Explaining and improving Deep Neural Networks via concept-based explanations
Dr Lee Mong Li, Professor, School of Computing
Abstract :
Despite the outstanding performance, Deep Neural Networks (DNNs) remain as black boxes to end-users. This opaque nature impedes user trust in DNNs and limits their adaption in the real world, especially in safety-critical domains such as healthcare. Therefore, elucidating the decisions made by DNNs in a way that is readily understandable to all users, including non-experts, is crucial to secure public trust. Concept-based explanations are intuitive as they explain model decisions in terms of representations easily understandable to humans, such as super-pixels or word phrases. In addition, the explanations must be descriptive and faithfully explain why a model makes its decisions. In this thesis, we explore two approaches to generate such explanations to rationalize the decisions of DNNs in computer vision, especially Convolutional Neural Networks (CNNs) and investigate using the insights gained via these explanations to improve the model accuracy.
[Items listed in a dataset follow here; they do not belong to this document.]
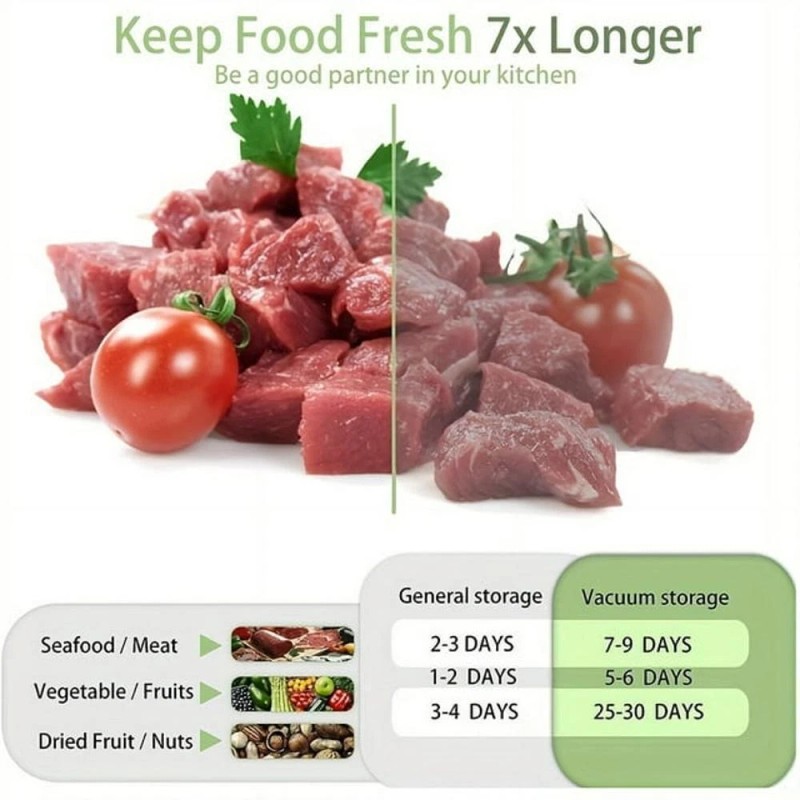 This vacuum sealer is aim to keep your meat, vegetables, and leftovers fresh and flavorful, above 10 times longer storage than traditional refrigeration, frozen storage and normal conditions
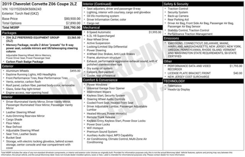 2019 Chevrolet Corvette Z06 2LZ V8 8 Speed Paddle Shift with Automatic Modes RWD 2D Coupe Torch Red Local Trade, 8-Way Driver & Passenger Seat Adjusters, Adaptive suspension, Alloy wheels, Auto-Dimming Inside Frameless Rearview Mirror, Automatic temperature control, Body-Color Outside Heated Power-Adjustable Mirrors, Bose Advanced 10-Speaker Audio System Feature, Cargo Net, Chrome Badge Package, Exterior Parking Camera Rear, Front Curb View Cameras, Head-Up Display, Heated & Vented Driver & Front Passenger Seats, Luggage Shade, Memory Package, Power door mirrors, Power driver seat, Power Lumbar/Bolster Seat Adjusters, Power windows, Preferred Equipment Group 2LZ, Rear window defroster, Remote keyless entry, SiriusXM Radio, Spoiler, Theft Deterrent System, Universal Home Remote.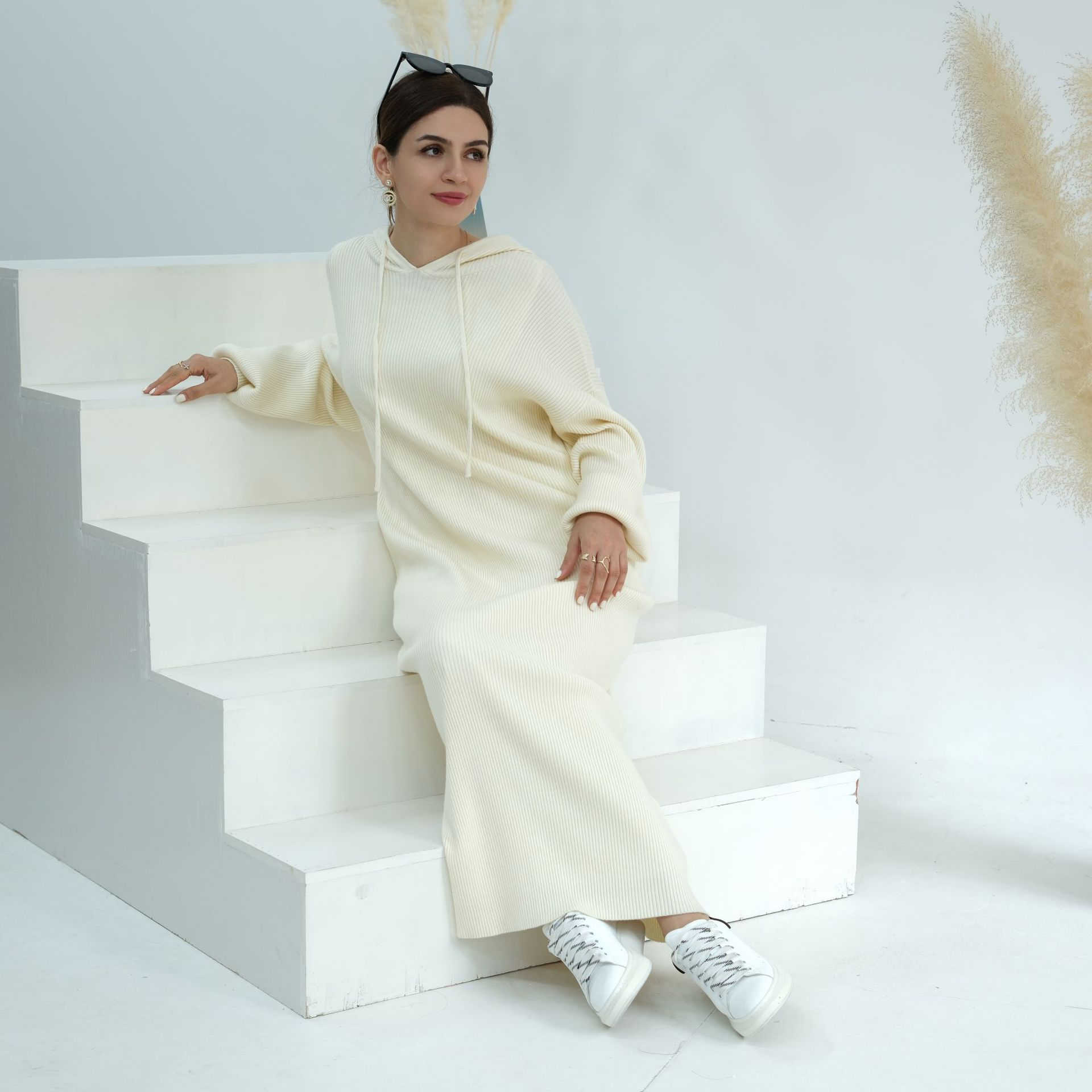 MH79 Hooded Abaya for Women – Thick-Knit Oversized Sweater Dress, Long Sleeve Modest Islamic Dress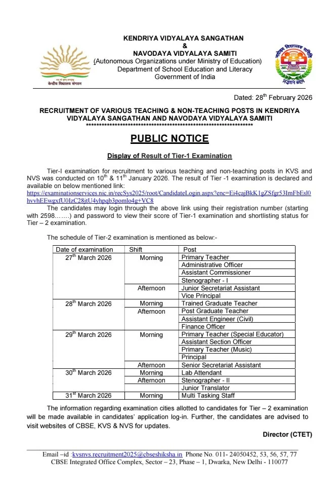 KVS And NVS Tier-II Exam Date 2026: केन्द्रीय विद्यालय संगठन (KVS) और नवोदय विद्यालय समिति (NVS) के द्वारा विभिन्न शिक्षण और गैर-शिक्षण के पदों पर भर्ती निकाली गई थी। जिसकी लिखित परीक्षा 10-11 जनवरी 2026 को आयोजित करवाई गई थी। जिसका रिजल्ट 28 फरवरी 2026 को ऑफिसियल वेबसाइट के माध्यम से जारी कर दिया गया हैं। अब इस भर्ती की टियर-2 की परीक्षा 27-31 मार्च 2026 को आयोजित करवाई जाएगी। जिसके लिए ऑफिसियल नोटिस जारी कर दिया गया हैं।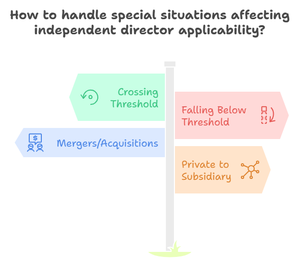 Understanding these edge cases is essential for proactive compliance management, particularly for companies operating near applicability thresholds or planning significant corporate actions that might trigger or eliminate independent director requirements.

The first approach is to generate post-hoc linguistic explanations to rationalize a trained CNN's decisions because linguistic explanations are intuitive and descriptive. However, generating linguistic explanations that describe the features that truly contributed to the model decision is challenging. We propose a novel framework called FLEX (Faithful Linguistic EXplanations) to address this challenge. We derive a novel way to associate the features responsible for the decision to words. We also propose a new decision-relevance metric that measures the faithfulness of a linguistic explanation to the model's reasoning. Experiment results on two benchmark datasets demonstrate that the proposed framework can generate faithful explanations compared to state-of-the-art linguistic explanation methods.
As the second approach, we explore developing a CNN with intrinsic interpretability. We introduce Comprehensible CNN (CCNN), which learns features consistent with human perception by learning the correspondence between visual features and word phrases. CCNN decisions are calculated as a linear combination of these features allowing CCNN to explain its decisions faithfully in word phrases. The proposed model employs an objective function that optimizes both the prediction accuracy and the semantics of the learned features. Experiment results demonstrate that CCNN can learn concepts consistent with human perception and their corresponding contributions to the model decision without compromising accuracy.
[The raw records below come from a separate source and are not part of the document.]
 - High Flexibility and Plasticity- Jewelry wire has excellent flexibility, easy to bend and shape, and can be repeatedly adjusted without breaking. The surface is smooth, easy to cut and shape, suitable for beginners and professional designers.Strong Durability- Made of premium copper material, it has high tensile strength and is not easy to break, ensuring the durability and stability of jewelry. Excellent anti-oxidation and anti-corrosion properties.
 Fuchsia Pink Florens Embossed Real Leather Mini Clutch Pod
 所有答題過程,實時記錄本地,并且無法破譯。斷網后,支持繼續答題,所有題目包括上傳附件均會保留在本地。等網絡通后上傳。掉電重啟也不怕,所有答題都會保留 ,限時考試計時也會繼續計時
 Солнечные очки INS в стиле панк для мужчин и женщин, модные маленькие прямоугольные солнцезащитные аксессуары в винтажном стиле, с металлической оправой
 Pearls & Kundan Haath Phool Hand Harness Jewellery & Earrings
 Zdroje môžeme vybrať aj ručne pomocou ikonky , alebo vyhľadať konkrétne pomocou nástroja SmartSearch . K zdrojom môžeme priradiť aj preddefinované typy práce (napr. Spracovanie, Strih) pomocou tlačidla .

Faithfully explaining DNNs allows us to use such explanations to understand possible shortcomings of the dataset used to train the model, particularly the under-represented regions in the dataset. In the third work, we propose a framework that utilizes concept-based explanations to automatically augment the dataset with new images that can cover these under-represented regions to improve the model performance. The framework is able to use the explanations generated by both interpretable classifiers and post-hoc explanation methods for black-box classifiers. Experiment results demonstrate that the proposed approach improves the accuracy of classifiers compared to state-of-the-art augmentation strategies.
This thesis explores understanding DNNs via faithful human-understandable explanations and using insights gained via such explanations to improve classification accuracy. Improved understanding and performance will bolster public confidence in Artificial Intelligence (AI), leading to the increased adaption of AI systems in the real world.